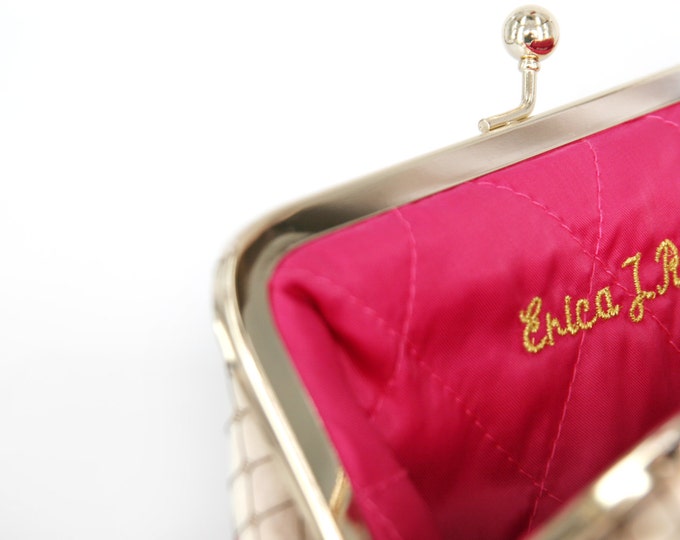 Personalized Custom Metallic Gold Embroidery inside Bridal or Bridesmaids Clutch Bag - 1 lines
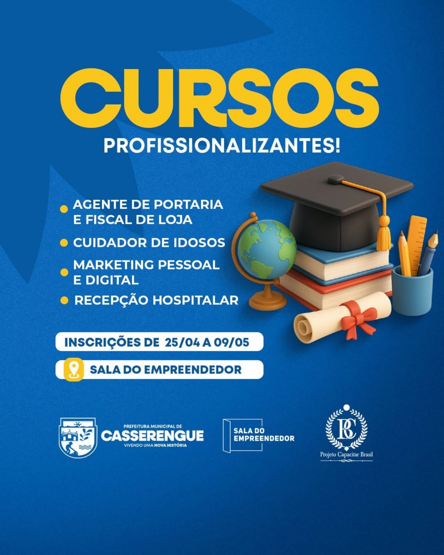 A Prefeitura Municipal de Casserengue, por meio da Sala do Empreendedor, informa que estão abertas as inscrições gratuitas para os seguintes cursos de capacitação profissional:
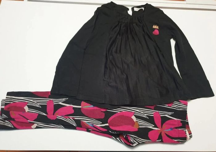Ensemble noir et rose a fleur catimini Taille 4 ans Très bon état mais petit trou #ludie8635_4ansfille
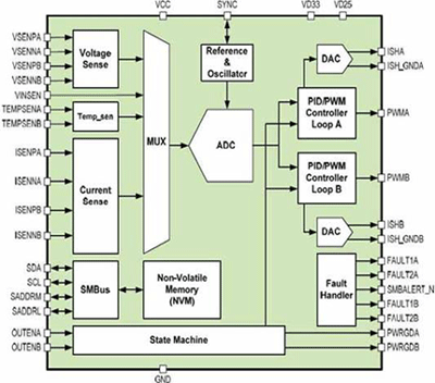 PX7522可以配置成提供2个独立的稳压输出,或者在单输出模式下的双相位输出,支持DCR和RDSon电流感应拓朴结构,0.5V到8V的宽输出范围。该组件是高度可配置的控制IC,利用PMBus和内建非挥发性内存,可以实现更广泛的用户友好的控制和实时系统监测。
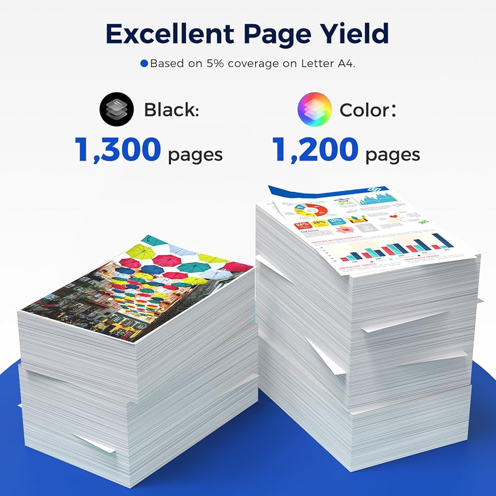 • 4 عبوات عالية الإنتاجية وفعالة من حيث التكلفة: توفر ما يصل إلى 1300 صفحة من الخرطوشة السوداء و1200 صفحة من كل لون (سماوي، أصفر، أرجواني) بتغطية قياسية بنسبة 5% للصفحة. يقلل التكلفة لكل صفحة، مما يجعله خيارًا اقتصاديًا للطباعة المنزلية الثقيلة ومهام الدراسة طويلة المدى.
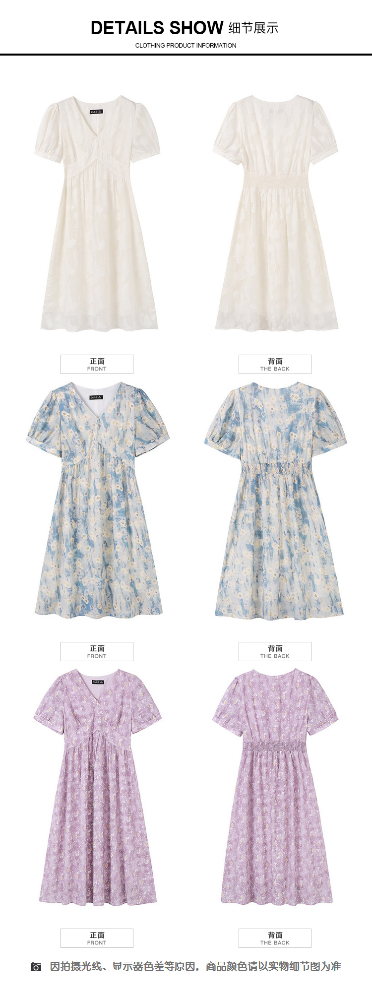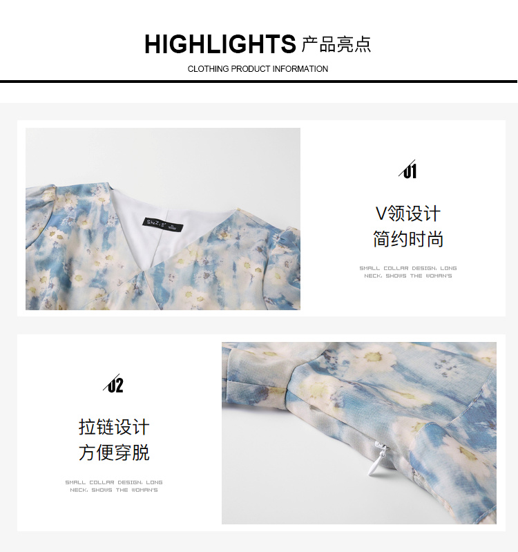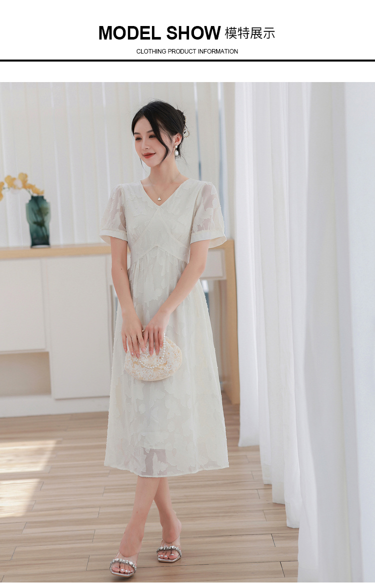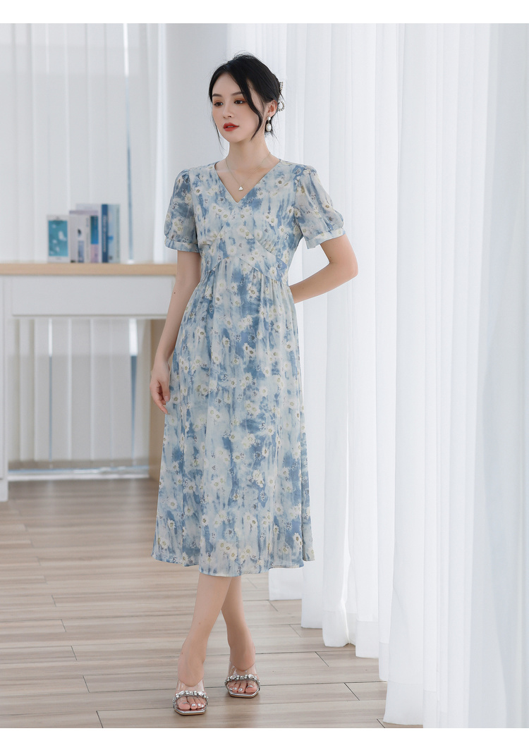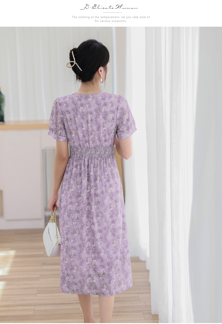 奢姿2025法式V领温柔风连衣裙女夏大码显瘦遮肚子雪纺裙气质长裙9932828184
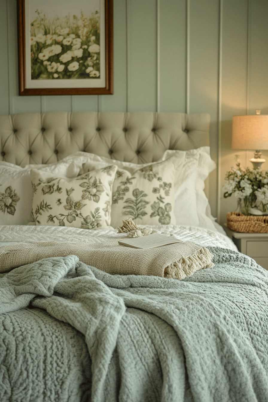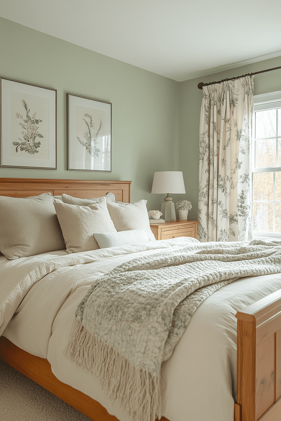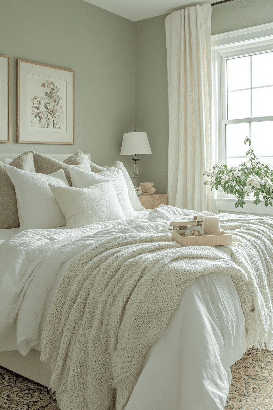 Warm fabrics add comfort and charm to a sage green bedroom designed for relaxation. Plush pillows and cozy throws soften the palette. Simple furniture maintains a tidy and open layout. Neutral décor keeps the design balanced. The room feels welcoming and peaceful. Discover more cozy sage bedroom inspiration.
_ _ _ _ _ _ _
• _Action item_: Pictures are to be left out; the records above must be repeated word for word.

• _Final answer_:
 Personalized Custom Metallic Gold Embroidery inside Bridal or Bridesmaids Clutch Bag - 1 lines
 A Prefeitura Municipal de Casserengue, por meio da Sala do Empreendedor, informa que estão abertas as inscrições gratuitas para os seguintes cursos de capacitação profissional:
Ensemble noir et rose a fleur catimini Taille 4 ans Très bon état mais petit trou #ludie8635_4ansfille
 PX7522可以配置成提供2个独立的稳压输出,或者在单输出模式下的双相位输出,支持DCR和RDSon电流感应拓朴结构,0.5V到8V的宽输出范围。该组件是高度可配置的控制IC,利用PMBus和内建非挥发性内存,可以实现更广泛的用户友好的控制和实时系统监测。
 • 4 عبوات عالية الإنتاجية وفعالة من حيث التكلفة: توفر ما يصل إلى 1300 صفحة من الخرطوشة السوداء و1200 صفحة من كل لون (سماوي، أصفر، أرجواني) بتغطية قياسية بنسبة 5% للصفحة. يقلل التكلفة لكل صفحة، مما يجعله خيارًا اقتصاديًا للطباعة المنزلية الثقيلة ومهام الدراسة طويلة المدى.
 奢姿2025法式V领温柔风连衣裙女夏大码显瘦遮肚子雪纺裙气质长裙9932828184
 Warm fabrics add comfort and charm to a sage green bedroom designed for relaxation. Plush pillows and cozy throws soften the palette. Simple furniture maintains a tidy and open layout. Neutral décor keeps the design balanced. The room feels welcoming and peaceful. Discover more cozy sage bedroom inspiration.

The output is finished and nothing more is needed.